With CES happening this week, there’s been a lot of buzz around the Internet of Things, or as Cisco terms it, the Internet of Everything, and connectivity. On the CEA blog, @JosephMBradley of Cisco writes that the intersection of people, data and things will “increase global aggregate corporate profits by about 21 percent.”
And yet, on PCWorld, @markhachman writes that there is still a fundamental problem:
“While it’s true that the Internet of Things ….may represent the Next Big Thing in computing, the fundamental problem hasn’t changed: how to take data, assimilate it, and apply it to make our lives more productive. Simply put, information needs to be constantly available, close at hand, and contextual.”
This basic truism extends aptly to knowledge management within businesses.
We believe that the opportunity for enterprise value creation from connecting people with contextual information, and through this contextual information, with other people (and yes, perhaps in the future with things, which is really a productivity play) is huge — and additive to the 21% increase in profits predicted by Joseph Bradley.

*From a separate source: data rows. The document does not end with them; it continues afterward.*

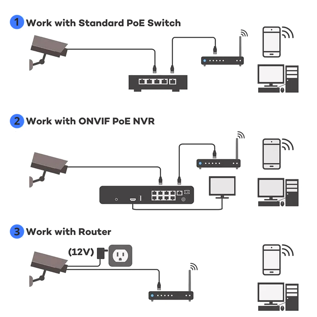 Power over Ethernet means the IP cameras connect to with a single cable that transmits both data and power. No power adapter is required, lower risk of electric leakage and easy to set up.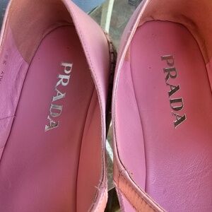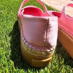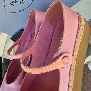 Color is Petalo ( Italian for 'Pink) Worn Twice Top is satin and insole is leather. Purchased vacationing in Italy, 2022. there is a little like a pen stain on one shoe since its satin I would take it to a shoe person or a cleaners won't cost much to clean otherwise pristine stored in out bags there is a small ink stain like a 12 inch line on top. cleaners can get it out s they re satin.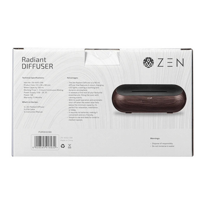 Experience the calming power of the Zen Diffuser, designed to promote relaxation and well-being. Compatible with all Zen Oils, it effortlessly transforms any room into a serene sanctuary.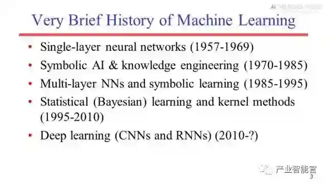 首先Raymond教授简单回顾了机器学习的历史,从单层神经网络到符号AI和知识工程,到多层神经网络和符号学习,到统计学习和核方法,再到近年来的深度学习。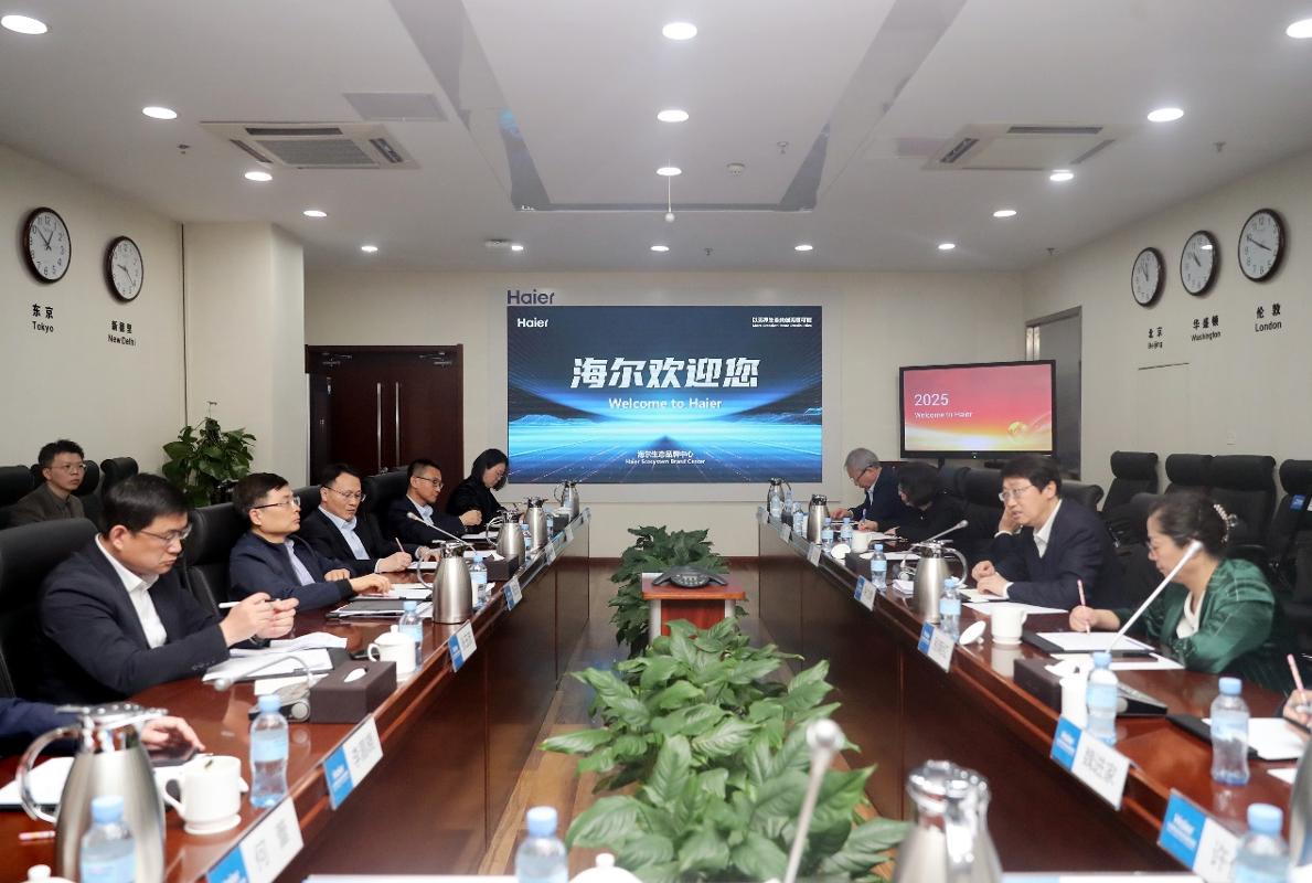 在海尔集团,张立群与集团党委书记、董事局主席、首席执行官周云杰座谈。集团董事局副主席、总裁梁海山出席。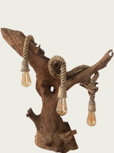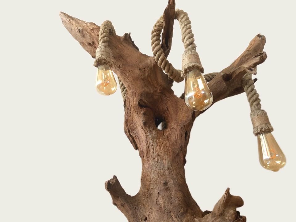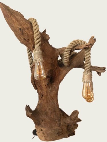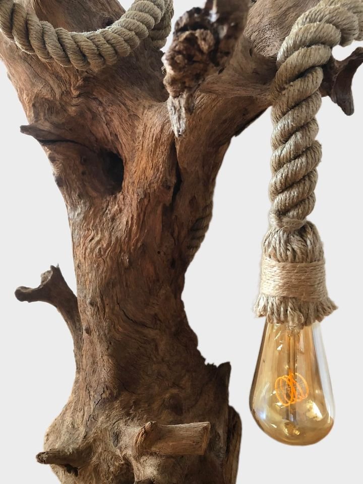Wyjątkowa lampa stworzona ze starej kłody bukowej wyłowionej z jeziora, która dodaje charakteru wnętrzu. Wyposażona w trzy stylowe żarówki ze spiralnym żarnikiem, lampa owinięta jest naturalną liną jutową, co podkreśla jej rustykalny urok. Włącza się go za pomocą praktycznego przycisku włączania/wyłączania. Idealny element dekoracyjny do salonu, sypialni czy przestrzeni komercyjnej. Lampa o wymiarach: 90 cm wysokość, 80cm szerokość

Enabling the Long Tail of Collective Enterprise Knowledge — a way to solve this fundamental challenge — can unlock what has been estimated conservatively at 33% of the value of an organization’s intangible capital, which in itself represents 80% of the value of an average business, according to @MaryAdamsICA with Smarter Companies. As Mark Hachman wrote, the key is contextual information. For without context there can be no relevance. Without relevance, data and information may be useless to the knowledge worker, and this tremendous asset will remain dormant.
We propose that one of the goals of Knowledge Management should be (as Mark so elegantly put it), to:
[Make information] “constantly available, close at hand, and contextual.”
Would you agree? And, as we continue to think about and discuss a new definition of knowledge management–should the concept of contextualization be included?